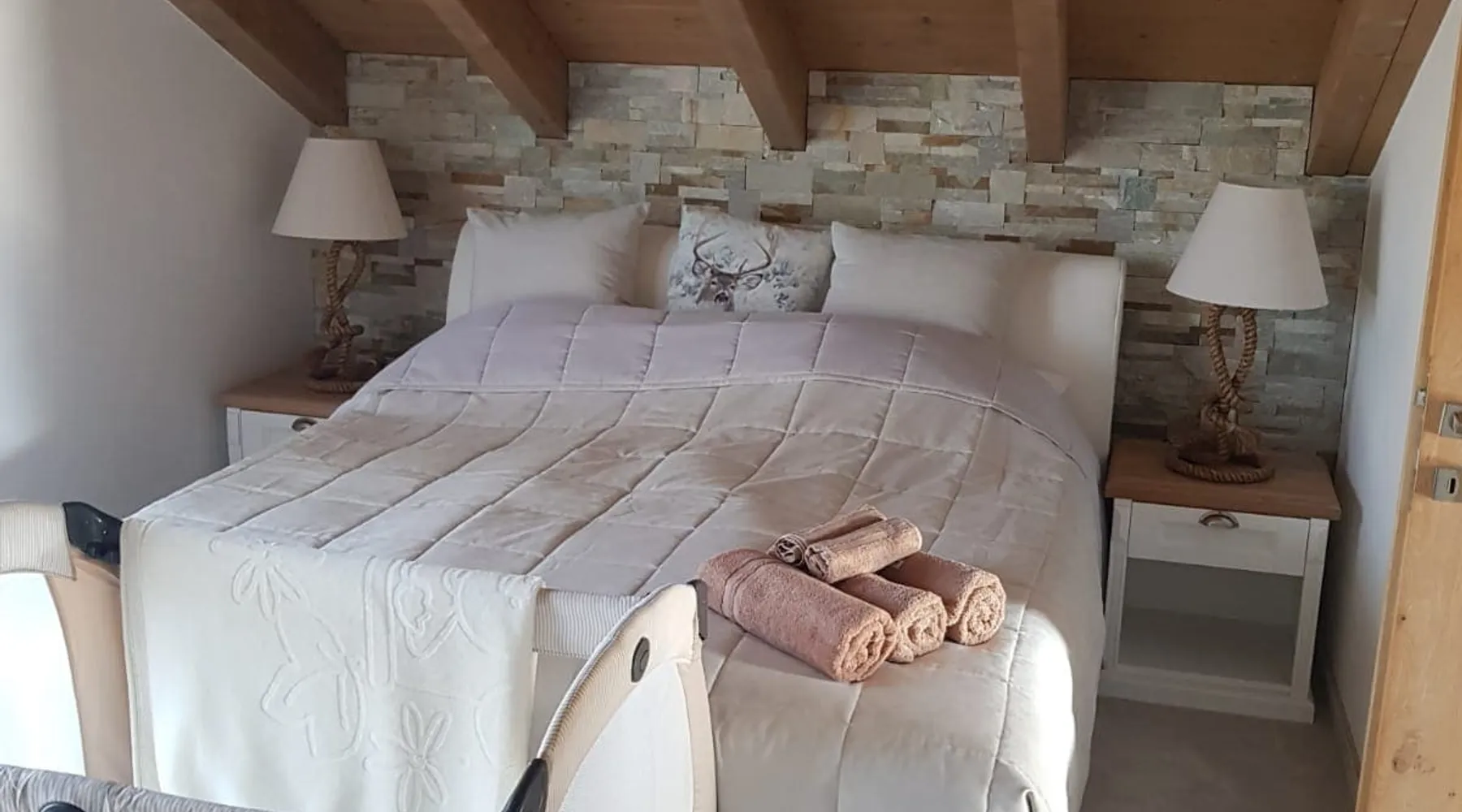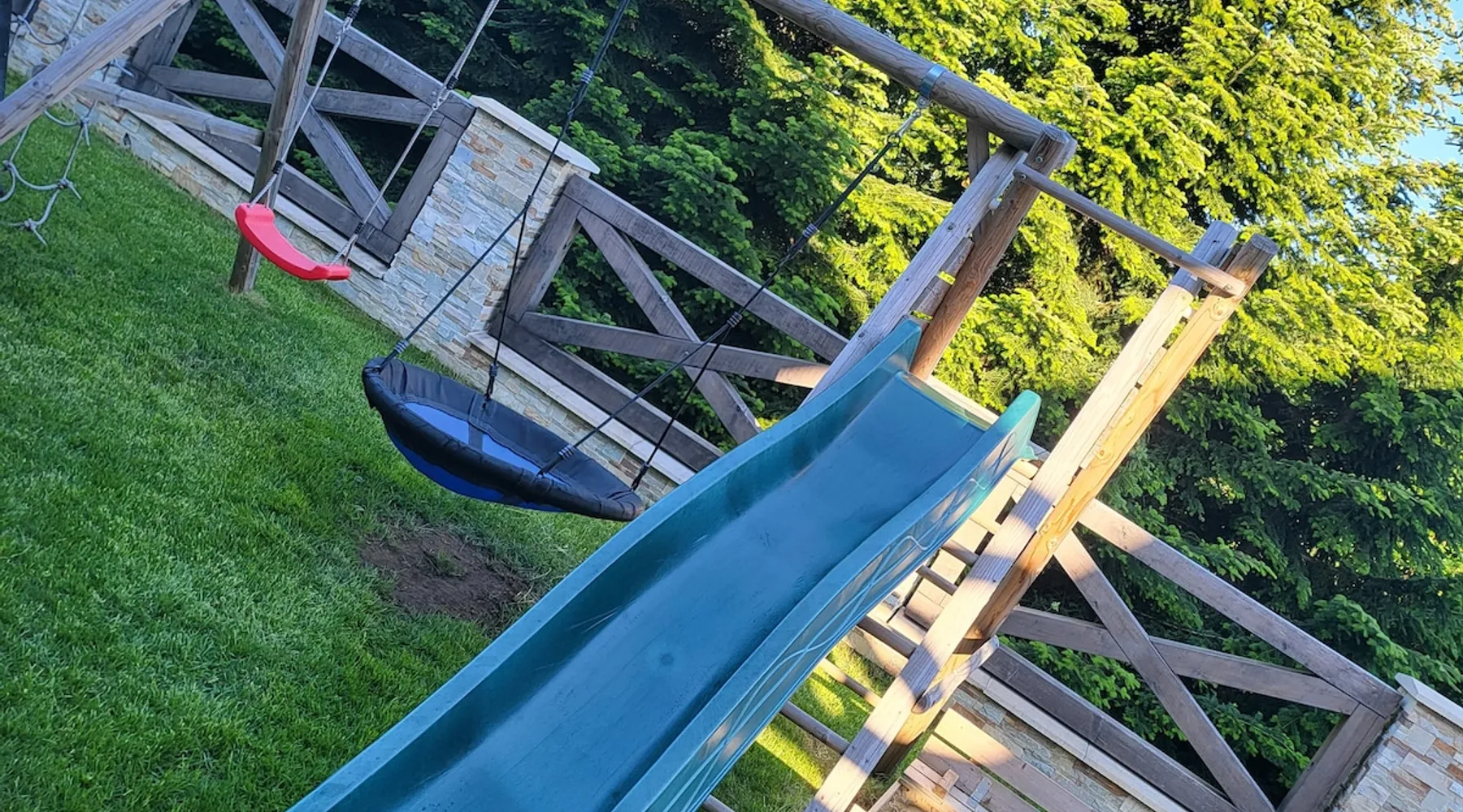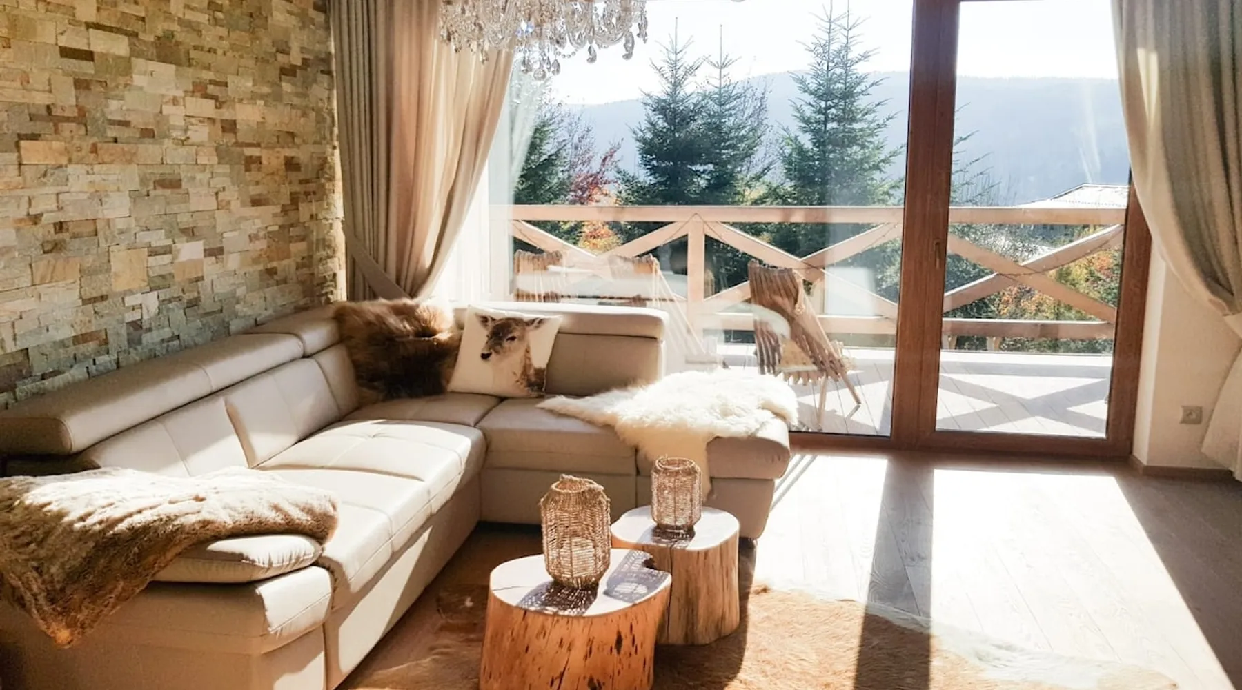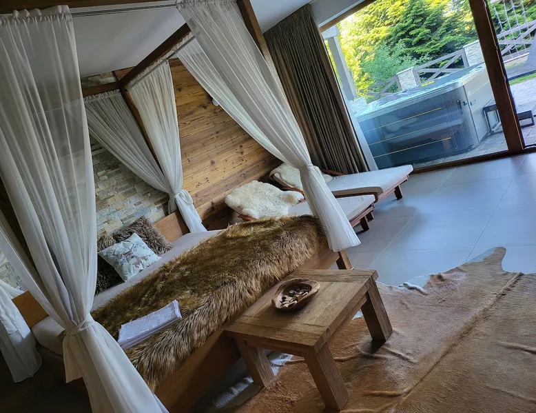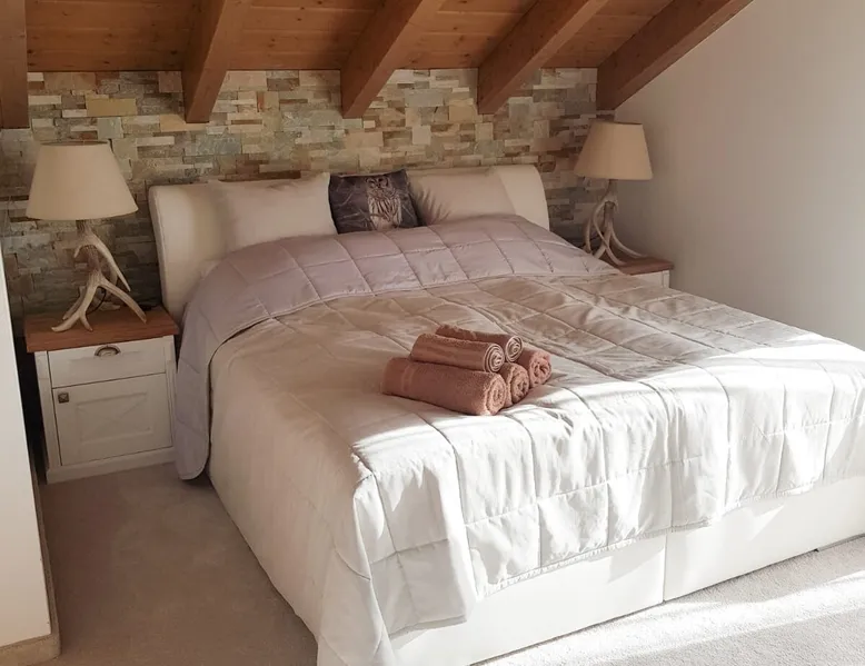 A cozy, luxurious chalet, located in private resort of DONOVALLEY, close to the center. 24/7 guarded by security. The first line with an excellent view of the entire valley with the ski resort. Possibility to occupy 1 or 2 apartments, always only 1 group. The capacity of 6 or 12 guests. Dec. 22nd - Jan. 8th 2023 is possible to book whole chalet only for 4+ nights. Free Wi-Fi, parking, wellness, jacuzzi. The breakfast, quad bike, party room, private cook can be ordered for an additional fee. The space There are 2 apartments in the building, each with a capacity of 6 people. It is possible to occupy one or both, but only 1 group. Guest access The Apartment has 2 floors. The ground-floor section is equipped with a fully functional kitchen, dining room and lounge with TV and fireplace. The loft area is equipped with two bedrooms and a bathroom with WC and shower The total area of the living area is more than 125 m2. The balconies and terraces are spacious for outdoor seating. Four parking places, outdoor area features a garden, a children's playground with climbing, sand and fire, an outdoor seating area of over 250 m2. Other things to note All details related to smooth accommodation and stay will be delivered upon arrival.
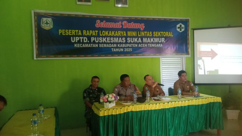 Aceh Tenggara – UPTD Puskesmas Suka Makmur, Kecamatan Semadam, menggelar Rapat Lokakarya Mini Lintas Sektoral Tahun 2025 yang membahas evaluasi pelaksanaan program kesehatan desa serta koordinasi lintas instansi dalam meningkatkan derajat kesehatan masyarakat.
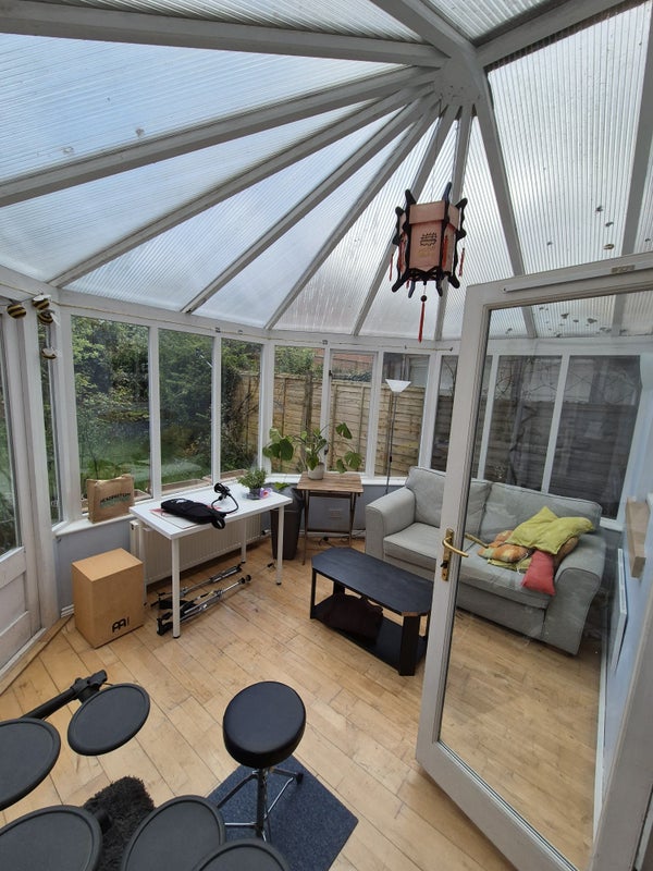The house features are large kitchen, communal living room, as well as a conservatory, a backyard garden, and a spacious garage.
○ ○ ○ ○ ○ ○ ○
§ **Required work**:
Transcribe the listing above exactly, leaving every picture out.

§ **Exercise answer**:
 A cozy, luxurious chalet, located in private resort of DONOVALLEY, close to the center. 24/7 guarded by security. The first line with an excellent view of the entire valley with the ski resort. Possibility to occupy 1 or 2 apartments, always only 1 group. The capacity of 6 or 12 guests. Dec. 22nd - Jan. 8th 2023 is possible to book whole chalet only for 4+ nights. Free Wi-Fi, parking, wellness, jacuzzi. The breakfast, quad bike, party room, private cook can be ordered for an additional fee. The space There are 2 apartments in the building, each with a capacity of 6 people. It is possible to occupy one or both, but only 1 group. Guest access The Apartment has 2 floors. The ground-floor section is equipped with a fully functional kitchen, dining room and lounge with TV and fireplace. The loft area is equipped with two bedrooms and a bathroom with WC and shower The total area of the living area is more than 125 m2. The balconies and terraces are spacious for outdoor seating. Four parking places, outdoor area features a garden, a children's playground with climbing, sand and fire, an outdoor seating area of over 250 m2. Other things to note All details related to smooth accommodation and stay will be delivered upon arrival.
 Aceh Tenggara – UPTD Puskesmas Suka Makmur, Kecamatan Semadam, menggelar Rapat Lokakarya Mini Lintas Sektoral Tahun 2025 yang membahas evaluasi pelaksanaan program kesehatan desa serta koordinasi lintas instansi dalam meningkatkan derajat kesehatan masyarakat.
The house features are large kitchen, communal living room, as well as a conservatory, a backyard garden, and a spacious garage.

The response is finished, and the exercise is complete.